November 5, 2004
We’ll be not posting for several days so we can complete our paper about Nutch for submission to WWW 2005…
October 6, 2004
blog comment spam
As some readers may have noticed, we’ve been having a problem with blog comment spam lately — just like most other Movable Type blogs. We’ve had several hundred comments, of which only seven have been non-spam. So I’ve been thinking about countermeasures.
- Soft touch: the more detectable and forceful the anti-spam measures are, the more they will interfere with legitimate users and be circumvented by spammers. Some thoughts:
- Moderate rather than ban: when spam is suspected, mark the comment as “needing approval” rather than rejecting it.
- Different views of the world: when a comment needs approval, show it to its posting IP address as if nothing were wrong.

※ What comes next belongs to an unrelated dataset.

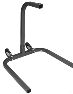
PS Portable Stroller Stainless Steel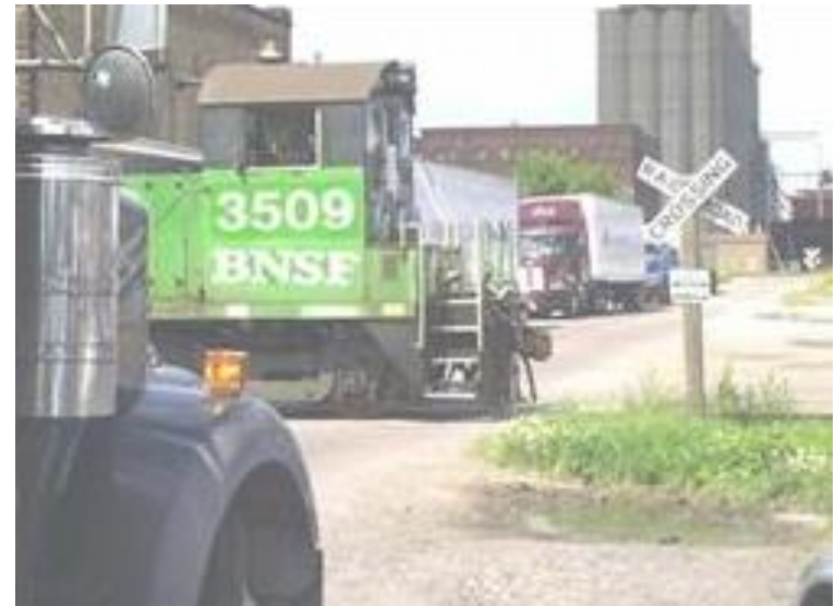
Image of freight train and motor carriers serving the Port of Duluth-Superior.

This requires substantially more work for the spammer to detect and circumvent countermeasures.
- Temporary failures: when a spam-appearing comment is posted, hold the connection open for a few seconds, then drop it without sending an HTTP reply. Ordinary people will retry; spamware may or may not.
- IP whitelisting: posts from an IP address that has never had an approved post should be held for moderation.
- Bayesian filtering: simple naive Bayesian classifiers would do a great job of distinguishing spam from nonspam so far.